** WORK INSTRUCTION **
From the material below, copy exactly the lines beginning with the one that contains "LSA EXPENSE VOUCHER" and ending with the one that contains "10/20个粉色心形金属办公文件袋,可折叠设计,方便整理办公用品 - 查看 6"; the pictures stay out.

** THE INPUT **
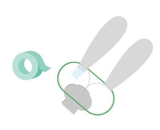 Insertthebunnyeartabsinto theslits.Foldthetabstowards youandtapetotheinsideof thetube.
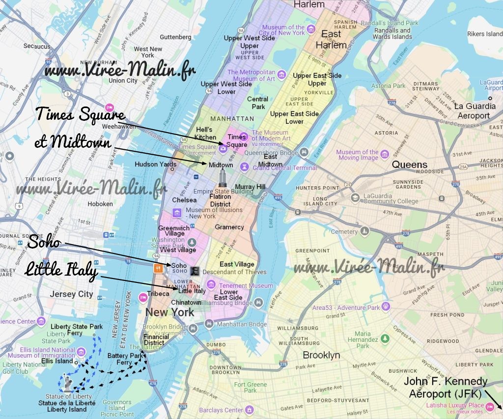 Voilà une nouvelle carte que j’ai personnalisé pour vous pour que vous puissiez vous familiariser avec tous les « petits » quartiers de Manhattan et pour information, pour faire Central Park à Soho à pied il faut 1h15 de marche ou 20 minutes de métro (et oui c’est grand!).
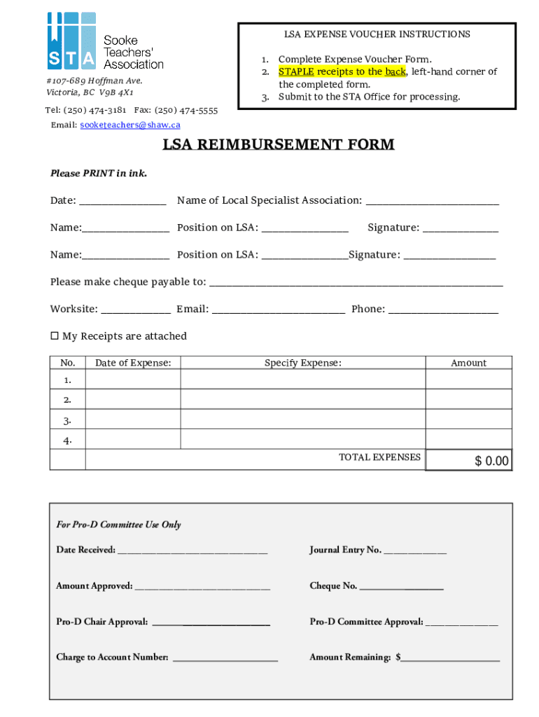 LSA EXPENSE VOUCHER INSTRUCTIONS#107689 Hoffman Ave. Victoria, BC V9B 4×1 Tel: (250) 4743181 Fax: (250) 47455551. Complete Expense Voucher Form. 2. STAPLE receipts to the back, left-hand corner of
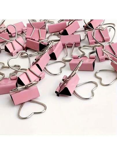 10/20个粉色心形金属办公文件袋,可折叠设计,方便整理办公用品 - 查看 6
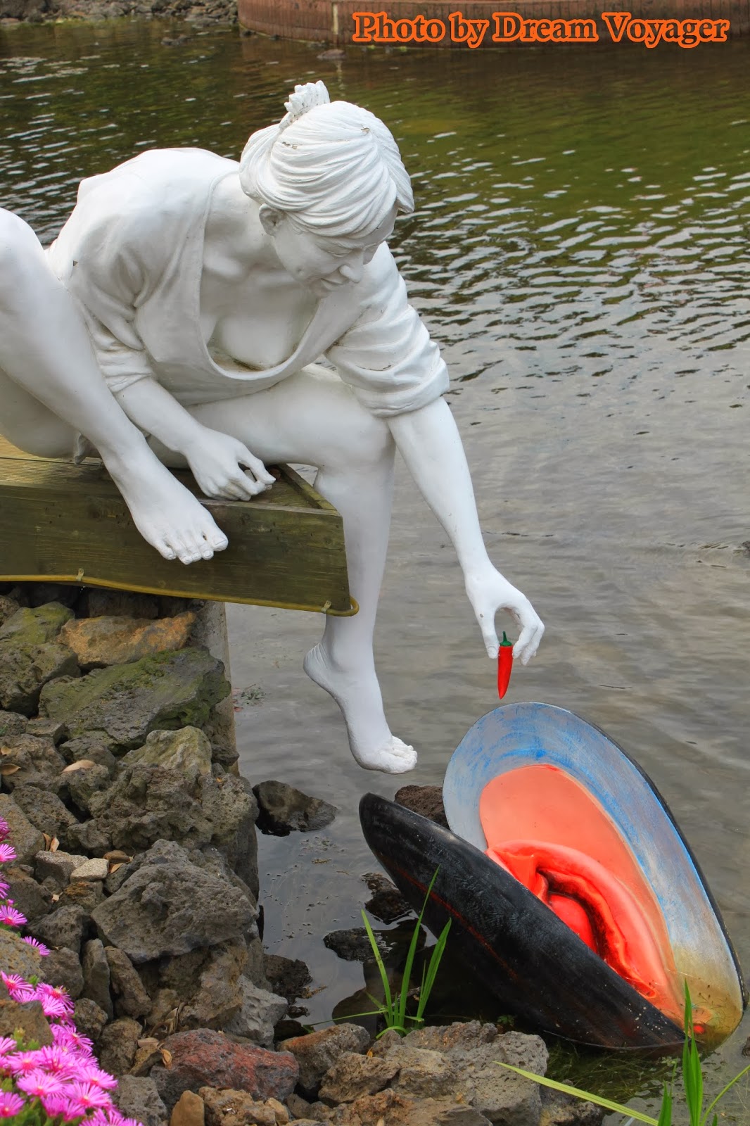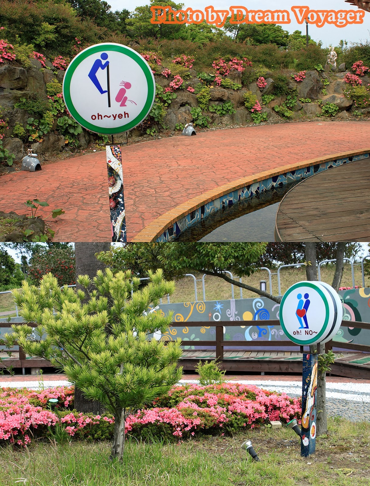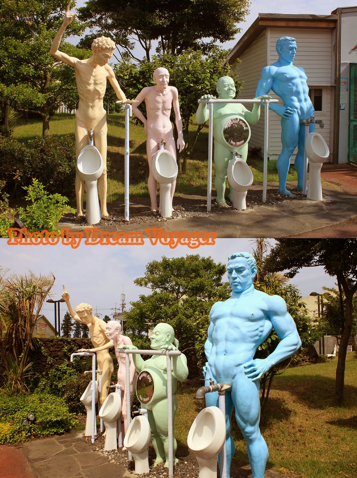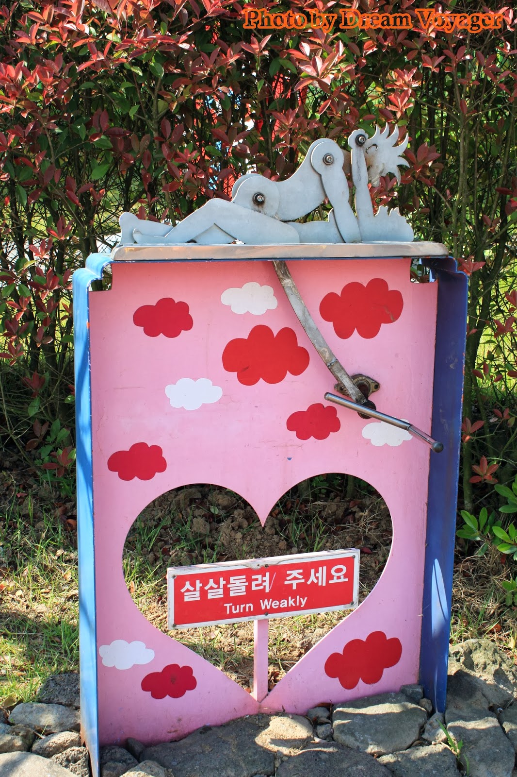 Jeju Love Land: สวนอิโรติกอาร์ต ผมวางแผนที่จะเขียนเรื่องท่องเที่ยวสถานที่แนวรักๆใคร่ๆแห่งหนึ่งช่วงใกล้วันวาเลนไทน์ แต่บังเอิญวาเลนไทน์ปีนี้ตรงกับวันมาฆบูชาพอดี ทำให้ผมตัดสินใจลำบากว่าจะเขียนบทความแนวกิเลสตัณหาหรือแนวธรรมะดี สุดท้ายอธรรมก็ชนะธรรมะ (ซะยังงั้น) เลยขอเขียนเรื่องราวการท่องเที่ยวที่อบอวลด้วยความรักแต่แอบด้านมืดนิดๆ สถานที่ท่องเที่ยวที่จะพาไปในวันนี้ชื่อว่า Jeju Love Land (제주러브랜드) อยู่ที่เกาะเชจู ทางตอนใต้ของประเทศเกาหลีใต้ ฟังแค่ชื่ออาจไม่รู้ว่ามันดาร์คยังไง จริงๆแล้วที่นี่เป็นสวนแสดงศิลปะที่เกี่ยวข้องกับความรัก มีตั้งแต่แนวกุ๊กกิ๊กไปจนถึงเรื่องใต้ร่มผ้า (เป็นอันหลังซะเยอะ) เนื่องจากผมขี้เกียจตีตรา 18+ ก็เลยเลือกเอาแต่เฉพาะรูปที่ไม่หวาดเสียวจนเกินไปมาลงเท่านั้น งานศิลปะส่วนใหญ่เป็นงานประติมากรรม แนวกุ๊กกิ๊กหวานแหวว มาแบบศิลปะแฝงปรัชญาให้ตีความ ไปจนถึงโจ่งแจ้งโจ๋งครึ่ม เห็นปุ๊บรู้ความหมายปั๊บ แต่ถึงยังงั้นก็ไม่ได้ออกมาแบบลามกอนาจารโต้งๆหรือสื่อเชิงกระตุ้นกามารมณ์ซะทีเดียว งานทุกชิ้นมีความเป็นศิลปะแฝงอยู่ หลายๆผลงานออกแนวชวนขำขันมากกว่า อันนี้จินตนาการเอาเองว่าถ้าหมุนด้ามจับแล้วจะเกิดอะไรขึ้น ทุกสิ่งทุกอย่างในสวนจะเป็นไปในธีมเดียวกัน ไม่ว่าจะเป็นป้ายบอกทาง เอ่อ...อันนี้ป้ายจะบอกอะไรครับ ม้านั่ง ให้เลือกได้ตามขนาดที่ใช่หรือไซส์ที่ชอบ หรือจะเลือกม้านั่งที่สามารถแอ๊คชั่นถ่ายรูปได้ มีทั้งเวอร์ชั่นสำหรับชายและหญิง ซุ้มประตูเดินลอดเพื่อความเป็นสิริมงคล(เหรอ) ก๊อกน้ำดื่ม เห็นแล้วชวนกระหายมั้ยนี่ ประตูห้องน้ำ (คำเตือน...คุณสุภาพสตรีกรุณาอย่ากำมือจับประตูแรง) ของฝากของที่ระลึกแนวทะลึ่งนิดๆชวนอมยิ้มหน่อยๆ มีโดมกระจกที่จัดแสดงส่วนในอาคาร ภายในอาคาร ส่วนใหญ่เป็นงานตุ๊กตาดินปั้นขนาดเล็ก พยายามสกรีนรูปคัดเฉพาะแบบที่พอหลิ่วตาดูได้ หลายคนสงสัยว่าใครจะใจกล้าหน้าด้านมาเที่ยวที่แบบนี้ แต่เชื่อมั้ยครับเขาว่ากันว่าคู่แต่งงานที่มาฮันนีมูนที่เกาะเชจูนิยมมาทัศนศึกษาที่สวนนี้กันมาก ถ้าไม่อคติกับความอิโรติกเกินไป ผมว่าที่นี่เป็นสวนที่จัดได้สวยงามมีบรรยากาศดีเลยทีเดียว การเดินทางไป Jeju Love Land จากเมือง Jeju-si ผมเรียกแท็กซี่ไปประมาณ 20 นาที ปัญหาจะอยู่ตอนขากลับเพราะหาแท็กซี่ยาก ถนนด้านหน้าสวนมีแท็กซี่วิ่งผ่านน้อยอ้อ...ที่นี่ห้ามเด็กอายุต่ำกว่า 18 เข้านะครับ เว็บไซด์ของ Jeju Love Land //www.jejuloveland.com/eng.htmlอั๊ยยะ แปลกดีค่ะ

** SOLUTION TO THE PROBLEM **
 LSA EXPENSE VOUCHER INSTRUCTIONS#107689 Hoffman Ave. Victoria, BC V9B 4×1 Tel: (250) 4743181 Fax: (250) 47455551. Complete Expense Voucher Form. 2. STAPLE receipts to the back, left-hand corner of
 10/20个粉色心形金属办公文件袋,可折叠设计,方便整理办公用品 - 查看 6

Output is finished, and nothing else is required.